Ахтырский 12-й гусарский полк — сформирован как казацкий полк в 1651, переформирован в гусарский в 1765, в драгунский в 1882; с 1907 вновь гусарский.

Старшинство полка: 27.06.1651.

Полковой праздник: 2 июля, день Чудотворной Иконы Ахтырской Божией Матери или Положение риз Пресвятой Богородицы во Влахерне.





История

Императорская армия

27 июня 1651 года из бежавших от гнёта польской шляхты жителей Слободской Украины сформирован Ахтырский слободской казачий полк. Полк участвовал в Северной войне 1700—1721 гг.

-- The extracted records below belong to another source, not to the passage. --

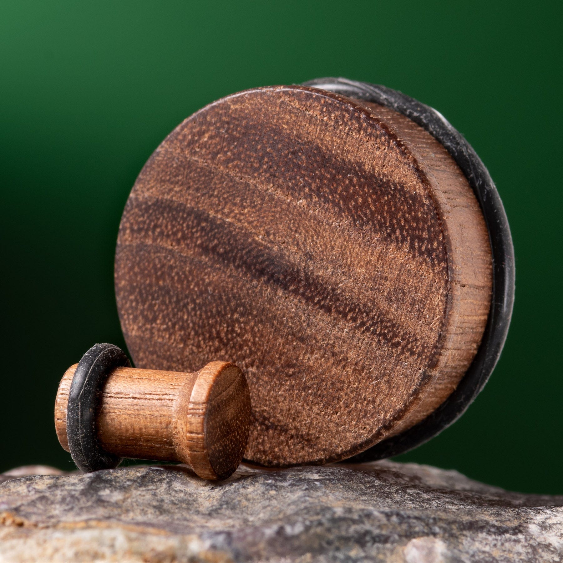 The single flare plugs, crafted from the naturally rich and dark brown black walnut wood with a medium grain, are not only prized for their stunning color and texture but also for their lightweight design, ensuring they don't interfere with daily activities. The simplicity of the single flare style allows for effortless insertion and removal. These untreated plugs are best maintained with Jojoba or Vitamin E oil, which conditions the wood. For a visual comparison, additional photos illustrate the distinction between the natural state of the plugs and their appearance after oil conditioning.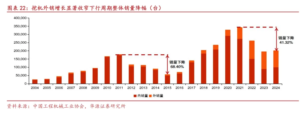 实际保有量不足/过剩影响下游内需,市场内销整体趋势一致但存在一定滞后性。以挖机设备为例,将实际保有量与需求保有量进行对比,可以清晰地看到二者关系对内销的影响:(1)2003-2011年,2003年至2009年行业需求保有量长期超过实际保有量,整体挖机内销量持续高增,2010年实际保有量首次超过需求保有量,但由于市场惯性,行业内销量仍保持增长。(2)2012-2015年,由于上一阶段市场预期过于乐观,趋势判断相对滞后,导致保有量过快增长,实际保有量在2012年出现明显过剩,因此内销量也出现了断崖式下跌,虽然在2014年后需求缺口逐渐打开,或由于缺乏市场信心等原因,直至2015年内销量仍相对萎靡。(3)2016-2021年,实际保有量较需求量缺口逐渐拉大,市场销量反馈相对迟钝,但整体向上趋势明朗,内销开始逐步加速,并在2020年达到历史高点并在次年仍保持高位水平。(4)2022-2024年实际设备保有量与需求量逐步达到平衡,下游新增需求几乎为0,内销量也随之断崖式下跌。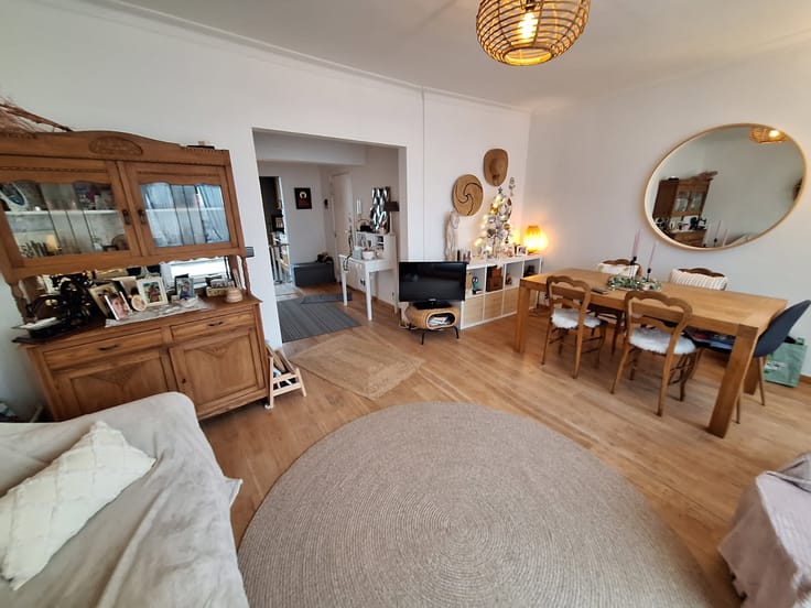 Le bien se compose comme suit : un hall d’entrée de 7m² suivi par un lumineux séjour de 18m² en parquet de chêne massif.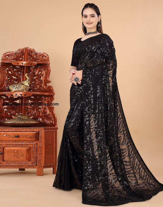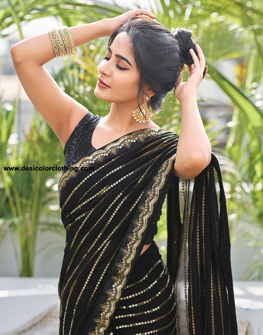 Black Georgette Sequence Saree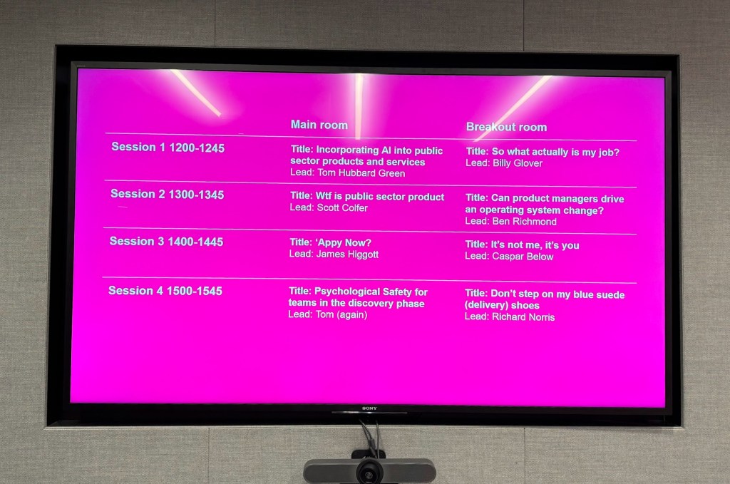 Debbie, Steve and I (with considerable help from James and Tom) convened the latest Product for the People unconference yesterday. For those that don’t know this is a (very) minimal viable unconference for people interested in product management and approaches in a broad church of public service. Yesterday we had people from central and local government, the NHS, charities and consultancies who work in product, delivery, interaction design, marketing and more.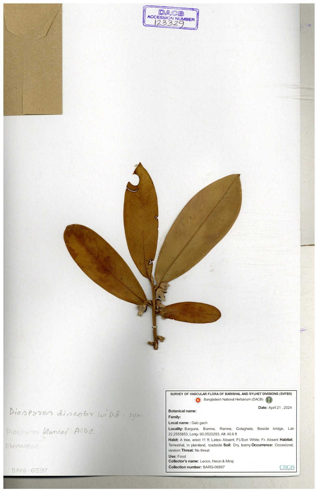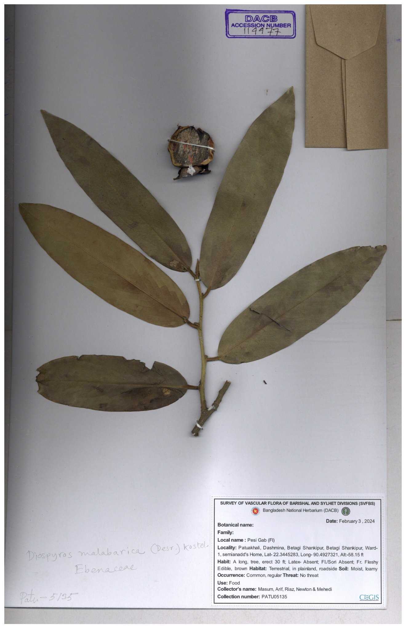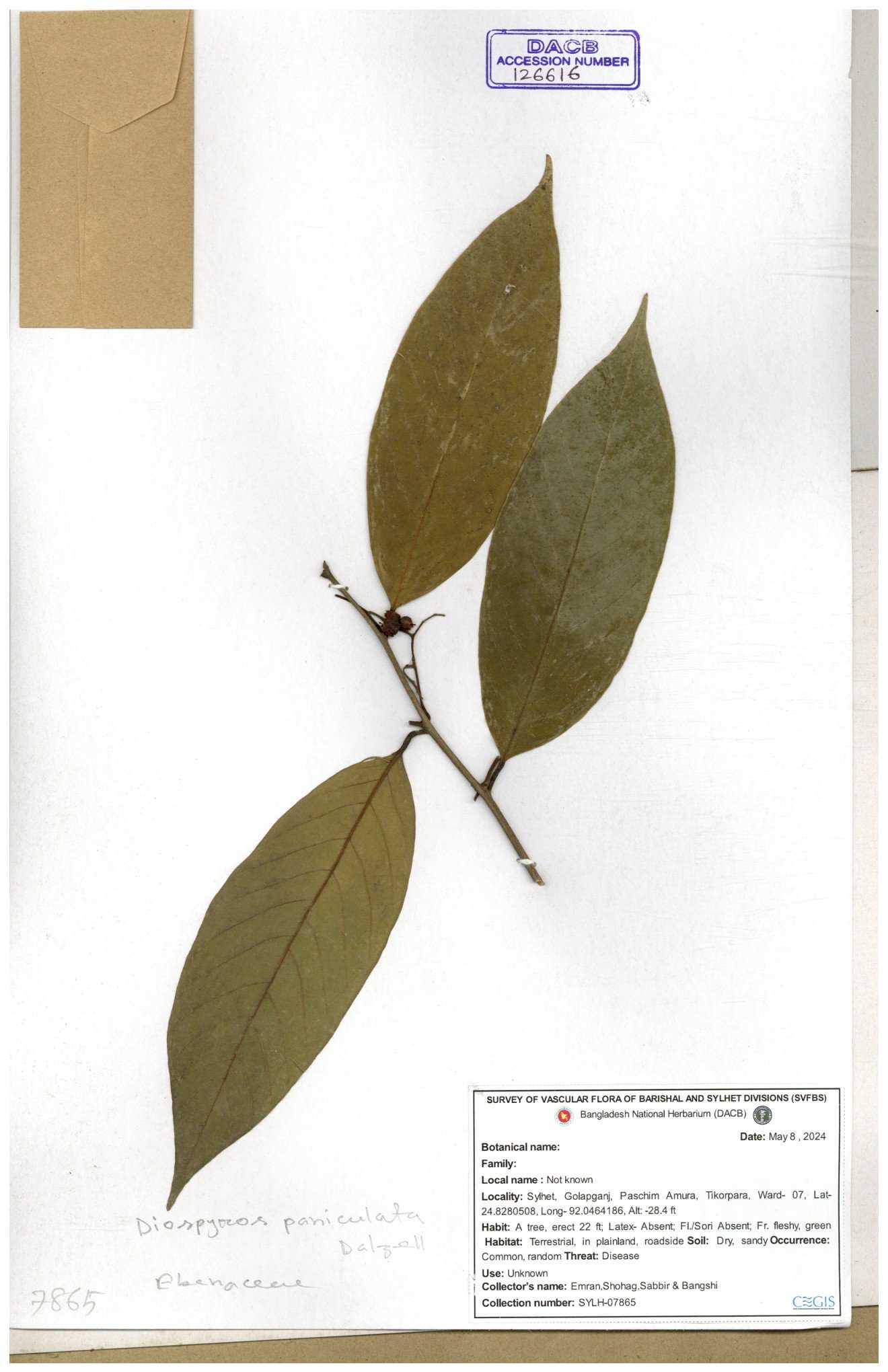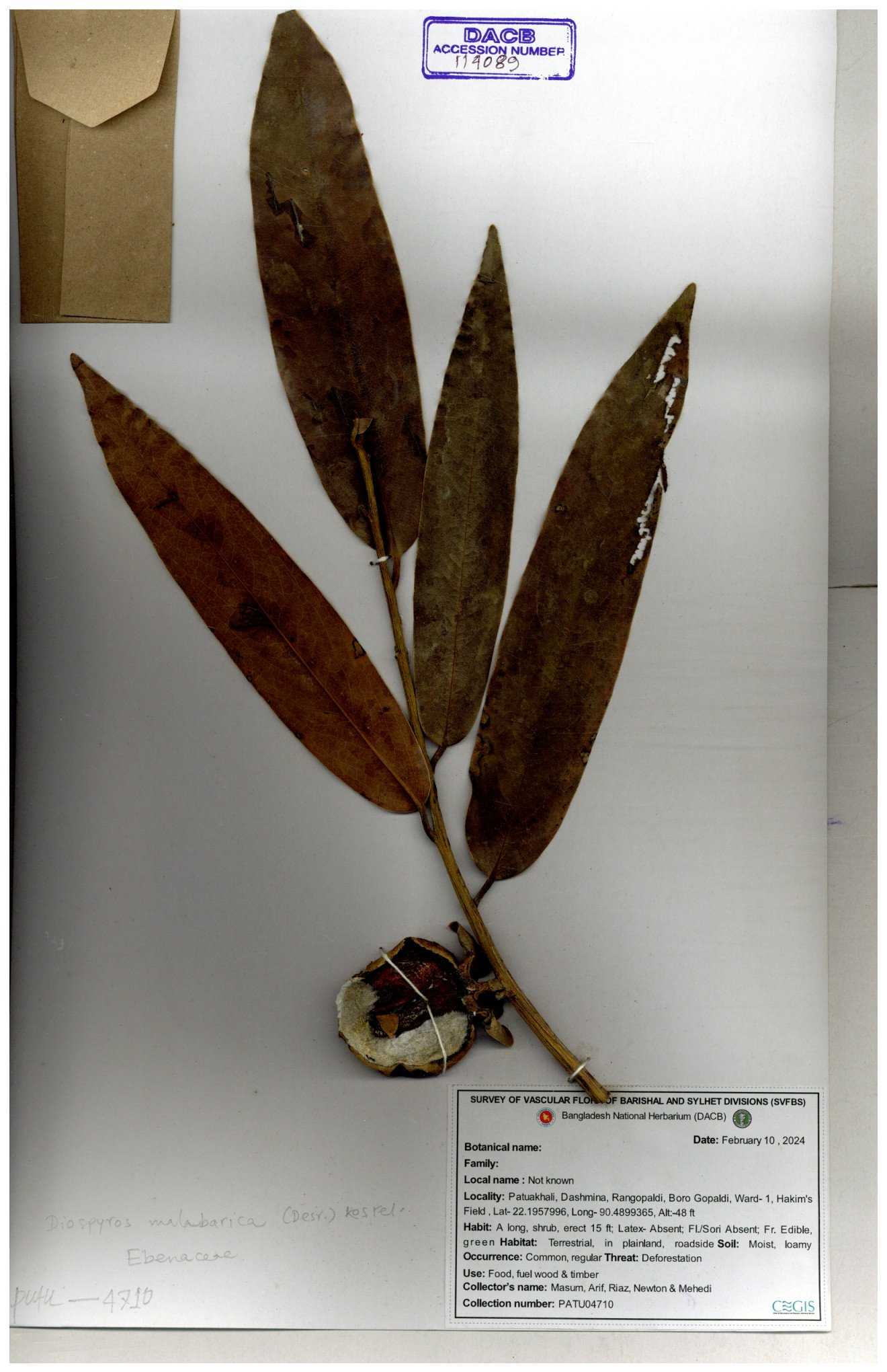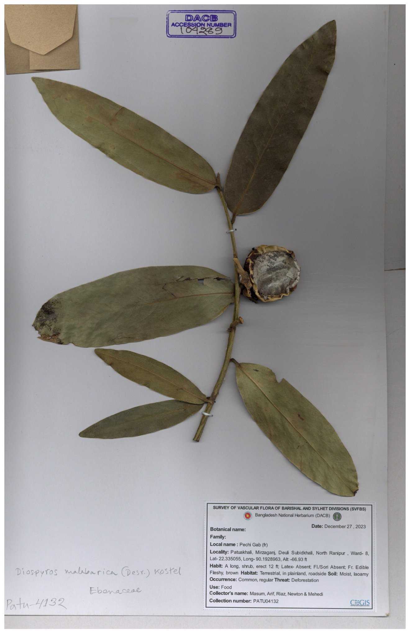 | 93053 | Ebenaceae | Diospyros lanceifolia Roxb. | Nazul, Liton, Delwar, Riajul, Shakil, Mahdi & Rubel | MOUL02400 07-06-2023 |

3 мая 1765 года переименован в Ахтырский гусарский полк. Участвовал в русско-турецкой войне 1768—1774 г., в том числе под Измаилом.

27 июня 1783 года назван Ахтырским гусарским полком Украинской конницы. 26 февраля 1784 года назван Ахтырским легкоконным полком. В декабре 1788 года участвовал в осаде Очакова.

29 марта 1790 года в полном составе был присоединен к Харьковскому легкоконному полку, но в январе 1792 года был восстановлен как самостоятельная воинская часть. Участвовал в подавлении польского восстания 1794 года под предводительством Тадеуша Костюшко.

29 ноября 1796 года полк был переименован в гусарский и приведён в состав 10 эскадронов.

29 марта 1801 года полку было возвращено название Ахтырский. Участвовал в кампаниях 1806 года (против Турции), 1807 года (против наполеоновской Франции), в Отечественной войне 1812 года и заграничных походах русской армии. Участвовал в подавлении польского восстания 1830—1831 годов.

С 1 января 1840 по 19 марта 1857 года именовался по фамилиям шефов: генерала-адъютанта князя Васильчикова; Его королевского высочества принца Фридриха-Карла Прусского полк. В Крымскую войну 1853—1856 годов находился на Дунайском театре военных действий.

19 марта 1857 года полку было возвращено название Ахтырский, а с 25 марта 1864 полк переименован в 12-й Гусарский Ахтырский Его королевского высочества принца Фридриха Карла Прусского полк.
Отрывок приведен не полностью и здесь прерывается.